Slashdot Mirror


WSJ Says Pro-ACTA Forces Helped Drive Anti-ACTA Reactions

pbahra writes with commentary from the Wall Street Journal: "Europeans will take to the streets this weekend in protest at the Anti-Counterfeiting Trade Agreement, an international agreement that has given birth to an ocean full of red herrings. That so many have spawned is, say critics, in no small part down to the way in which this most controversial of international agreements was drawn up. If the negotiating parties had set out to stoke the flames of Internet paranoia they could not have done a better job. Accepted there are two things that should never be seen being made in public—laws and sausages—the ACTA process could be a case study of how not to do it. Conducted in secret, with little information shared except a few leaked documents, the ACTA talks were even decried by those who were involved in them."

1 of 180 comments (clear)

  1. Re:From TFA by Anonymous Coward · · Score: 5, Informative

    FYI, the TFA is the Wall Street Journal, which is (now) owned by News Corp. You remember: Rupert Murdock's gang of yellow journalists, criminals and corrupt police officers.

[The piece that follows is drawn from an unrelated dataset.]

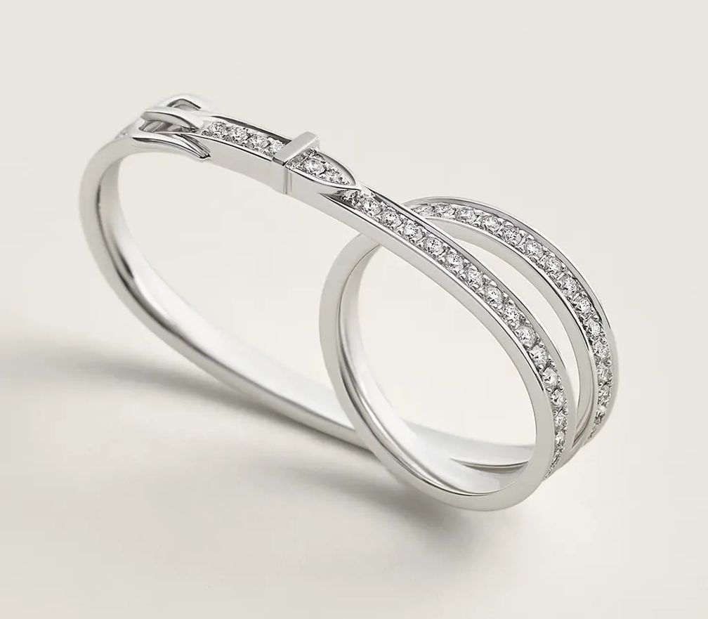 Кольцо на два пальца Etriviere от Hermès, выполненное из белого золота с бриллиантами, – это воплощение современной роскоши (Hermès):

    The article basically bashes anything anti-ACTA while trying to sound neutral. For example, it quotes 2 scholars who say that ACTA is a good thing, while admitting that their some paranoia out their about ACTA.

    The whole article basically starts off with the premise that "copyright" is real property and that copying real property is "theft":

    If you say copying other people's copyright is an OK thing to do, then you are saying that theft is OK. Everyone is very keen on sharing until it is their stuff that is being shared.

    It's a VERY one sided article that sounds like it was sponsored and supervised by Rupert Murdock himself.